> [Task to complete]:
Below are lines of records; copy exactly those from the one containing "Flauta de maíz" through the one containing "Светодиодный ная лампа", leaving the pictures behind.
BEGIN Task input
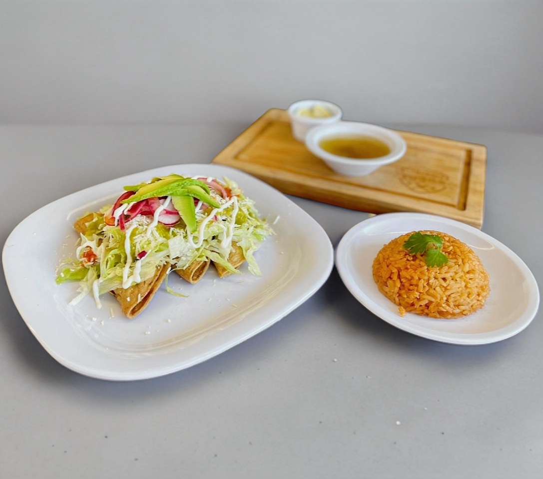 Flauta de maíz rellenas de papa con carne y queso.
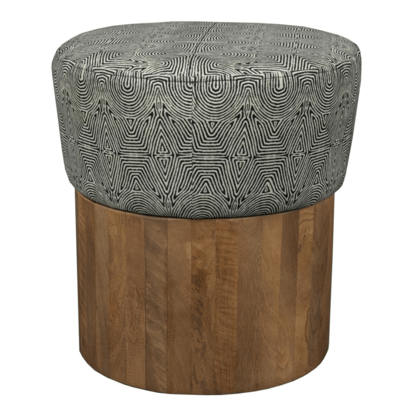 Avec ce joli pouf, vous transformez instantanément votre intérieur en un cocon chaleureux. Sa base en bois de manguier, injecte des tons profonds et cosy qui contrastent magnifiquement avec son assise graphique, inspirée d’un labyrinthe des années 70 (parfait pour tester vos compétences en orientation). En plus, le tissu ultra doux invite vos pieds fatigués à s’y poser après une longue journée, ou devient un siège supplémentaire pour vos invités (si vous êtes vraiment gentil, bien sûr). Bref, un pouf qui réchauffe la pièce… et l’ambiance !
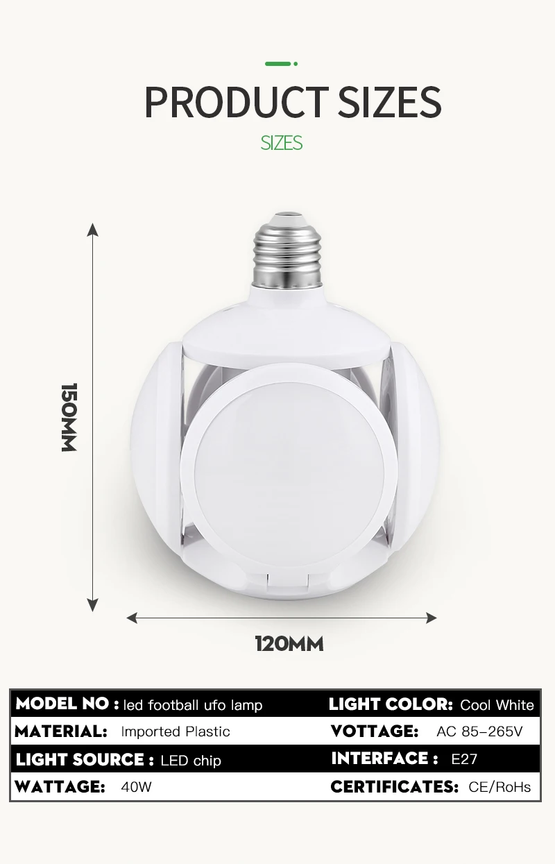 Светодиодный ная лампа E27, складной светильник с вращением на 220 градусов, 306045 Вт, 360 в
END Task input
BEGIN Task input
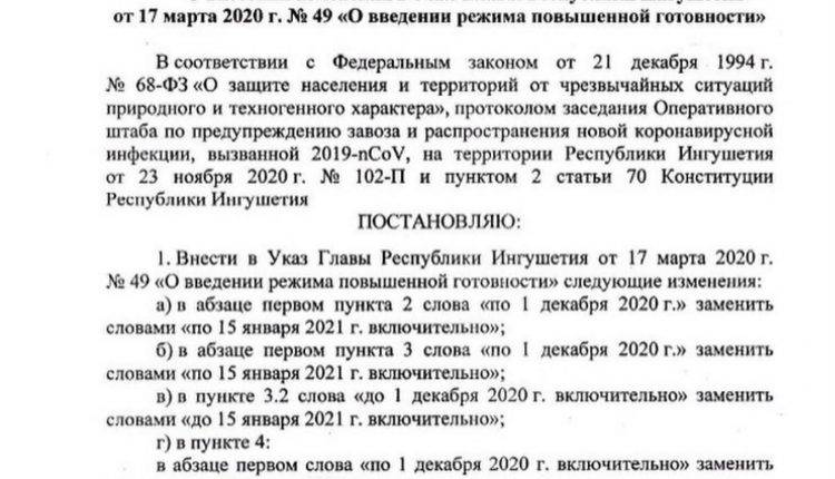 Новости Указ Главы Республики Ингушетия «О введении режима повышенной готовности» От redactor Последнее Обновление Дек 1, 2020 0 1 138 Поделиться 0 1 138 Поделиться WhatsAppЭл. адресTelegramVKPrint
END Task input
> [Your solution]:
 Flauta de maíz rellenas de papa con carne y queso.
 Avec ce joli pouf, vous transformez instantanément votre intérieur en un cocon chaleureux. Sa base en bois de manguier, injecte des tons profonds et cosy qui contrastent magnifiquement avec son assise graphique, inspirée d’un labyrinthe des années 70 (parfait pour tester vos compétences en orientation). En plus, le tissu ultra doux invite vos pieds fatigués à s’y poser après une longue journée, ou devient un siège supplémentaire pour vos invités (si vous êtes vraiment gentil, bien sûr). Bref, un pouf qui réchauffe la pièce… et l’ambiance !
 Светодиодный ная лампа E27, складной светильник с вращением на 220 градусов, 306045 Вт, 360 в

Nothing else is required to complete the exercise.